How absolutely wonderful to wake to a gentle knock on the door, someone delivering a huge, cooked breakfast to our little terrace in the Croquet Pavilion at Hambleton Hall. It’s a chilly morning but we still eat outside, hungrily tucking in. Red positions herself at my side and is soon scarfing down chunks of a prized sausage from my overloaded plateful; two perfectly poached-eggs, crisp rashers of back bacon, gooey, soft tomato halves, a thick slice of crusty black pudding and a mound of tiny, buttery mushrooms. We longed for more toast to go with this feast, instead the bread basket was loaded with pastries and miniature loaves like the Hovis mini-loaves of my childhood from the Hambleton Bakery. We have grown used to flat white coffees, so the sight of a cup loaded with whipped cream topped with grated chocolate was a bit of a shock and not actually very nice. To nit-pick a bit more, the orange juice was watery and didn’t taste freshly squeezed and the fruit salad was an artistic but rather silly arrangement of berries. We are definitely suffering from the-morning-after-the-night-before, so head back to bed for an hour before we check out. Two hour drive home, v late lunch of bread and cheese and some of my killer pickled onions leftover from Christmas. By dinner time, we are ready for the duck The B has ordered in, and it’s roasted without fuss and served with bread sauce, my take on French Peas with onion and bacon and quickly blanched chunks of potato roasted to a crisp, adding some of the duck fat rendered during cooking. This year The B bought a Victoria plum tree that is planted in a humungous pot and it produced five plums! We have watched them swell and colour and I have just picked three of them. Sliced off the stones, they are stewed with orange juice and zest, honey and a little water. We eat this nectar over vanilla ice cream from Fouberts, previously of Chiswick High Road (now High Road House) and now around the corner on Turnham Green Terrace.
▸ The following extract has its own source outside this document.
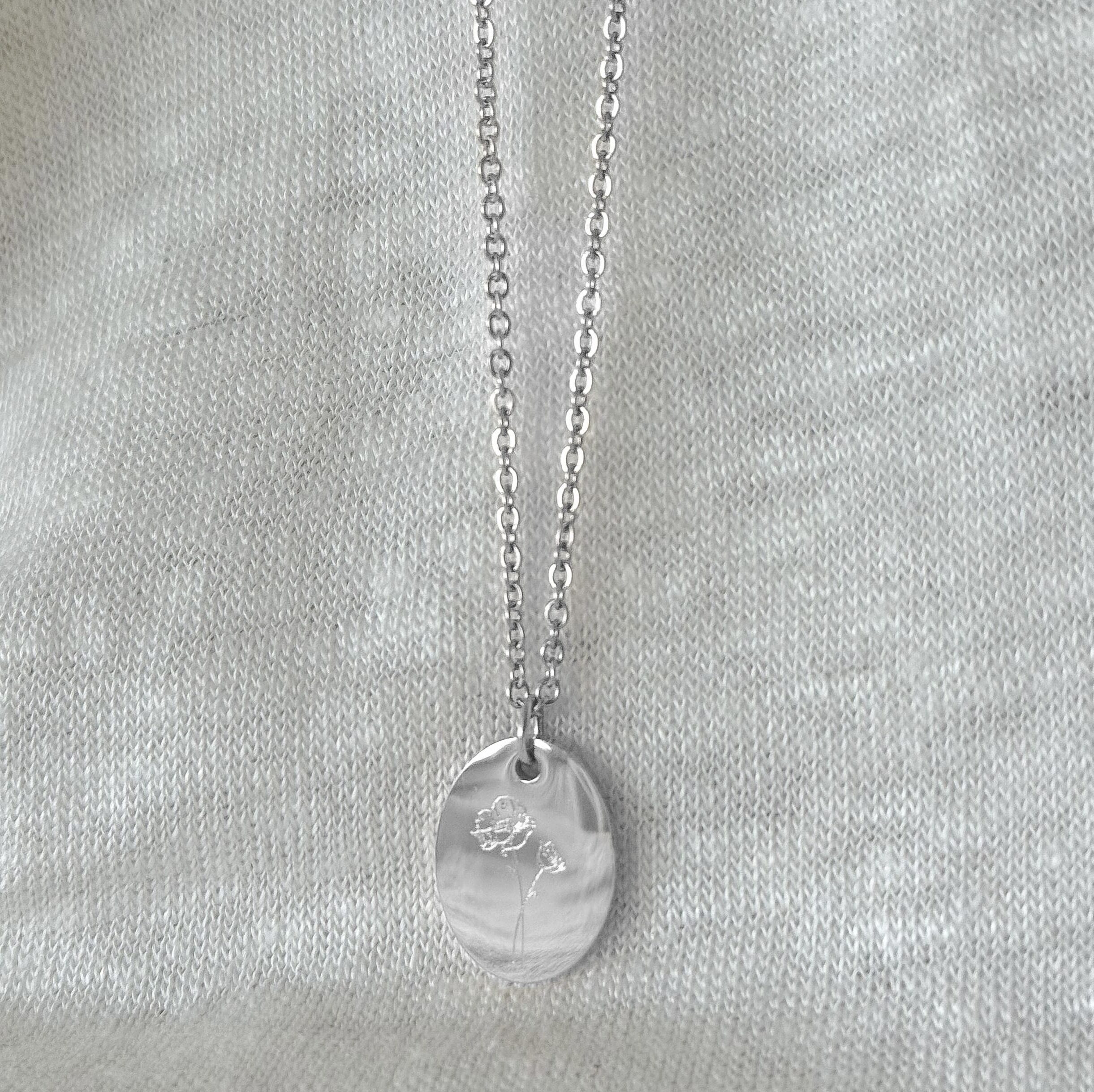 Geboortebloem Ketting Ovaal, gemaakt van stainless steel. Ontdek onze nieuwste variant van de geliefde geboortebloem ketting: nu met een elegante ovaalvormige hanger. Deze geboortebloem ketting combineert een tijdloos design met een persoonlijke betekenis, perfect voor elke dag én speciale momenten.

First job, is to pick over the duck and make stock with the bones (plus carrots, onion, garlic, herbs). It simmers away gently filling the house with promise. I also dice chicken thigh fillets to marinade in olive oil with lemon, crushed garlic, thyme and olive oil. They will be threaded on kebab sticks later to barbecue and eat with quickly whipped up very garlicky hummus (recipe Lamb Kebabs with Hummus). I wrote recently (My Week In Food 26 July 20) about removing the husks from chickpeas for super smooth hummus and what a chore it was to do and one of my regular readers wrote to say that ‘chana dal from an international shop is chickpeas with the husks already removed. Makes the smoothest hummus.’ I haven’t searched any out yet but I will. With our kebabs we had some of the prolific green beans from the front garden mini-plot cooked French-style, again, with garlic. The beans are cooked slightly longer than usual then returned to the pan with crushed garlic sizzled in olive oil. The beans go with everything. Do try it. (recipe, if you need one, can be untangled from this simple lone supper: Duck with French Peas and Potatoes).
It is baking hot today and an Instagram reminder this morning of my gazpacho (thanks @rachelaliceroddy) makes me want to make it again. I have all the ingredients for a super-quick No Fuss Gazpacho and they all go into the jug of my super-efficient Kitchen Aid liquidizer and it’s done in minutes. I chill the terracotta coloured soup in an old sweetie jar in the fridge. We have some for supper, alongside fillets of megrim sole from a whole fish brought back from Newlyn, delicious with more beans from garden and peas. Lovely garden meal.
Another early start, the only way to get anything done during this muggy heatwave, The B leaves for Chambers with gazpacho for his lunch. I’ve defrosted two megrim sole, so the second is in the fridge winking at me, ‘what you gonna do with me then?’ Huh, I know, I’ll roast you then flake the fish off the carcass and make fish cakes Megrim Sole Fishcakes with Parsley. These are a huge success; very little flour and roughly mashed new potatoes with egg yolk to hold everything together.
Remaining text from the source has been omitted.